Argentina, Ceres, Santa Fe: A Cessna A188B-300 AGtruck with the pilot on board impacted farmfield terrain during an aerial application flight in Ceres, Santa Fe, Argentina. The airplane was destroyed and the sole pilot onboard received serious injuries.

Bolivia, Sacaba, Cochabamba: A Hongdu JL-8 trainer of the Fuerza Aérea Boliviana with two crew trainer aircraft crashed into a house in Sacaba, Cochabamba and was destroyed by fire. There is said to be one fatality on the ground. Both pilots are said to have ejected safely.

United Kingdom, St. Martin, near Helston, Cornwall: A Royal Navy BAe Hawk T1A with two crew crashed near St. Martin, 5 miles south south-east of Helston, Cornwall after a suspected engine power loss. Both pilots ejected safely and were airlifted to Derriford Hospital in Plymouth for checks and treatments. Early reports state that the crew may have sustained minor, but not life-threatening injuries.

Russia, Curonian Lagoon, Polessk: A Russian Ministry of Emergency Situations Kamov Ka-32A11VS helicopter with three on board crashed in the waters of the Curonian Bay near Kaliningrad. The rescue helicopter went down during a training flight. Two people were rescued, another one is being sought by other rescuers.

USA, over Tennessee: An iAero Boeing 737-4B7 had departed from San Antonio International Airport on a flight to Detroit-Willow Run Airport carrying the Michigan women's basketball team while en route over Tennessee, a drop in cabin pressure forced the flight crew to perform an emergency descent. The crew diverted to Evansville Airport where they made a safe landing.

27 MARCH 2004

Nasa's X-43 pilotless plane breaks the world speed record for an atmospheric engine by briefly flying at 7,700 km (4,800 mi) per hour (seven times the speed of sound)
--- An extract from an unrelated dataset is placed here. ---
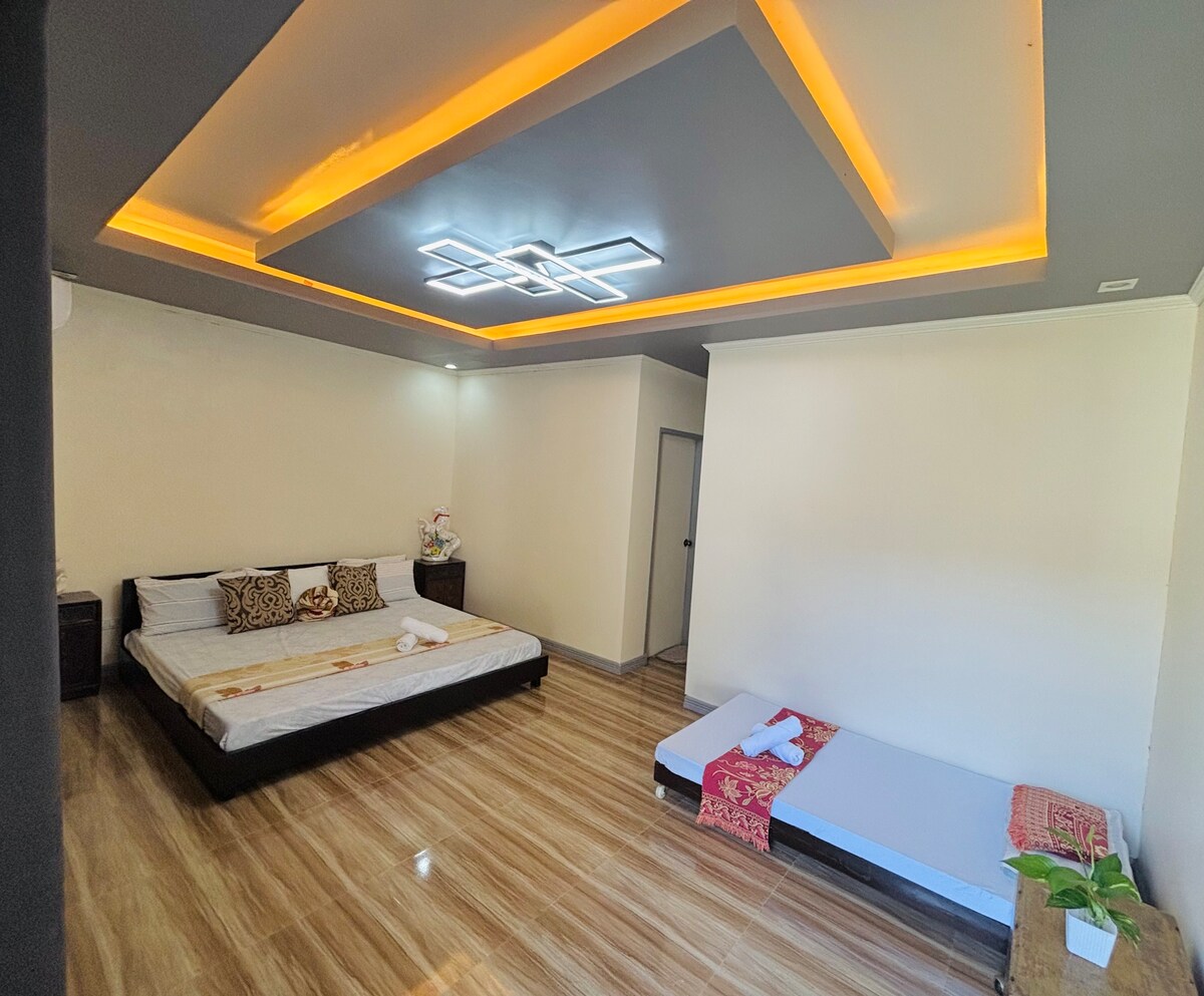 Relax with the whole family at this peaceful place to stay. Relax near the pond, feed the sulcatta turtle in the garden. The location is close to major business areas as well as tourist places in the province. Terminals for buses are just a few blocks away. Van rentals can be arranged few days before. The guesthouse has two single beds in the upper deck and one twin size sofa bed that can fit 3 people comfortably. An additional comforter can be provided free.

The NASA X-43 was an experimental unmanned hypersonic aircraft with multiple planned scale variations meant to test various aspects of hypersonic flight. It was part of the X-plane series and specifically of NASA's Hyper-X program. It set several airspeed records for jet aircraft. The X-43 is the fastest aircraft on record at approximately Mach 9.6.

A winged booster rocket with the X-43 placed on top, called a "stack", was drop launched from a Boeing B-52 Stratofortress. After the booster rocket (a modified first stage of the Pegasus rocket) brought the stack to the target speed and altitude, it was discarded and the X-43 flew free using its own engine, a scramjet.

NASA flew a third version of the X-43A on November 16, 2004. The modified Pegasus rocket was launched from a B-52 mother ship at an altitude of 13,000 m (43,000 ft). The X-43A set a new speed record of Mach 9.64 (10,240.84 km/h; 6,363.36 mph) at about 33,500 m (110,000 ft) altitude and further tested the ability of the vehicle to withstand the heat loads involved.